- [Supplied information]
■ ■ ■ ■

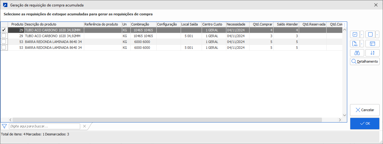 No botão [Detalhamento] exibe os itens de requisições que foram agrupados (abaixo):
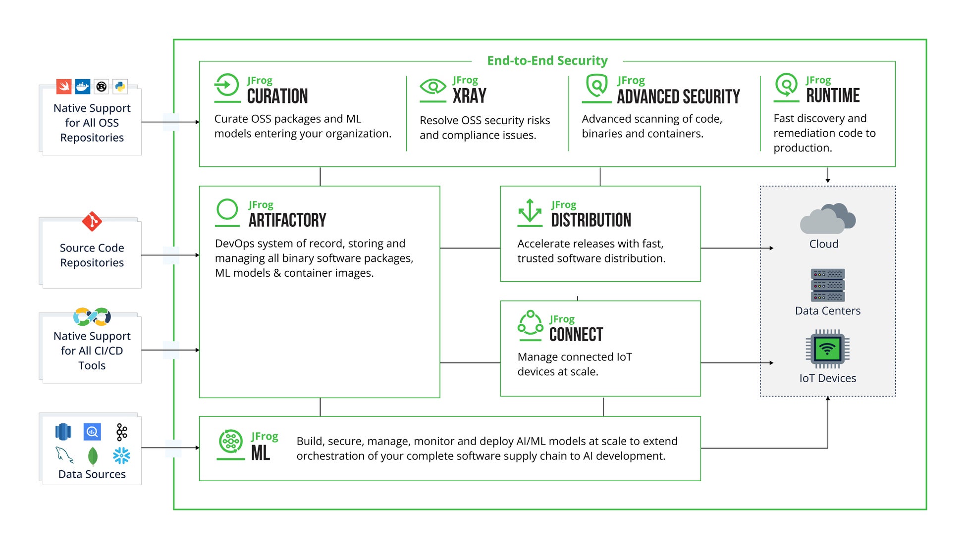 「JFrog Platform」は、グローバルで8,000社以上、Fortune100社のうち89社、日本国内で100社以上のエンタープライズ企業への導入実績があります。金融、IT、自動車、ゲーム領域において、大規模開発、セキュリティガバナンスの中核ツールとして利用されています。「JFrog Platform」は、開発プロセスで使用・生成されるソフトウェアパッケージ、データ、機械学習モデルを一元管理できるプラットフォームです。信頼できる唯一の情報源(Single Source of Truth)としての役割を担い、ソフトウェアリリース全体における高レベルでのセキュリティとコンプライアンスを確保します。「JFrog Platform」の利用によって、企業は開発プロセス全体の改善を促進し、開発速度と品質の向上を実現することが可能です。
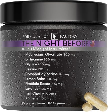 The Night Before 10-in-1 Midnight Maximizer Sleep Aid, Stress Relief, Cognition, Relaxation, Recovery, Focus, Magnesium Glycinate, L-Theanine & More, (120 Capsules – 2 Month Supply)
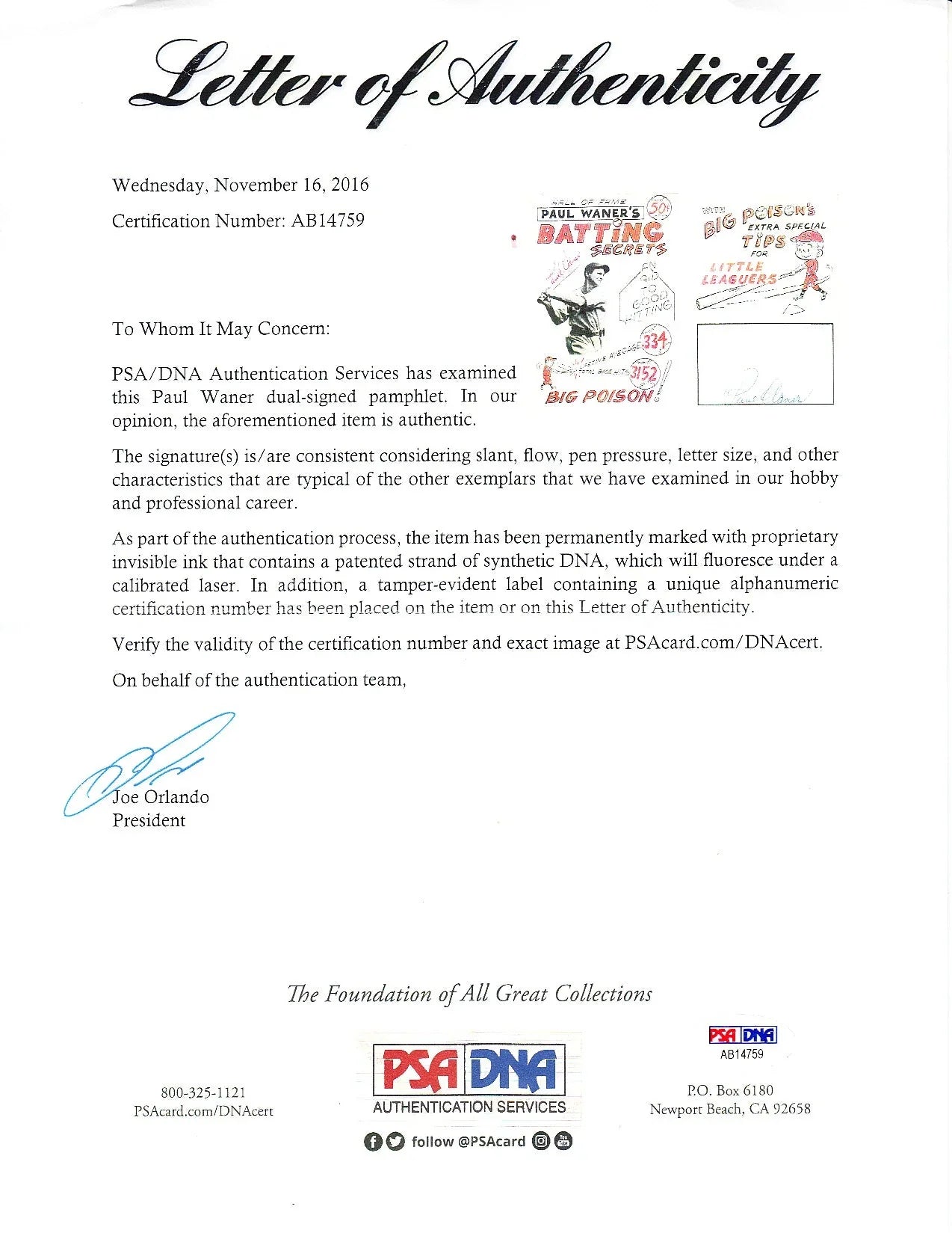 2017 Leaf Executive Collection マスターピース、故ピッツバーグ パイレーツ殿堂入り選手、ポール ワナーとラルフ カイナーの本物のデュアルカット署名カード。PSA/DNA によって認証され、Leaf によってスラブ加工されたユニークな 1/1 カードです。ワナーが同じパンフレットに 2 回署名しており、オリジナルの LOA がすでに送付されているため、オリジナルの PSA/DNA 証明書のコピーが付属します。

■ ■ ■ ■

- [Assignment] Copy all the material word for word, minus its pictures.

- [Reply]
 No botão [Detalhamento] exibe os itens de requisições que foram agrupados (abaixo):
 「JFrog Platform」は、グローバルで8,000社以上、Fortune100社のうち89社、日本国内で100社以上のエンタープライズ企業への導入実績があります。金融、IT、自動車、ゲーム領域において、大規模開発、セキュリティガバナンスの中核ツールとして利用されています。「JFrog Platform」は、開発プロセスで使用・生成されるソフトウェアパッケージ、データ、機械学習モデルを一元管理できるプラットフォームです。信頼できる唯一の情報源(Single Source of Truth)としての役割を担い、ソフトウェアリリース全体における高レベルでのセキュリティとコンプライアンスを確保します。「JFrog Platform」の利用によって、企業は開発プロセス全体の改善を促進し、開発速度と品質の向上を実現することが可能です。
 The Night Before 10-in-1 Midnight Maximizer Sleep Aid, Stress Relief, Cognition, Relaxation, Recovery, Focus, Magnesium Glycinate, L-Theanine & More, (120 Capsules – 2 Month Supply)
 2017 Leaf Executive Collection マスターピース、故ピッツバーグ パイレーツ殿堂入り選手、ポール ワナーとラルフ カイナーの本物のデュアルカット署名カード。PSA/DNA によって認証され、Leaf によってスラブ加工されたユニークな 1/1 カードです。ワナーが同じパンフレットに 2 回署名しており、オリジナルの LOA がすでに送付されているため、オリジナルの PSA/DNA 証明書のコピーが付属します。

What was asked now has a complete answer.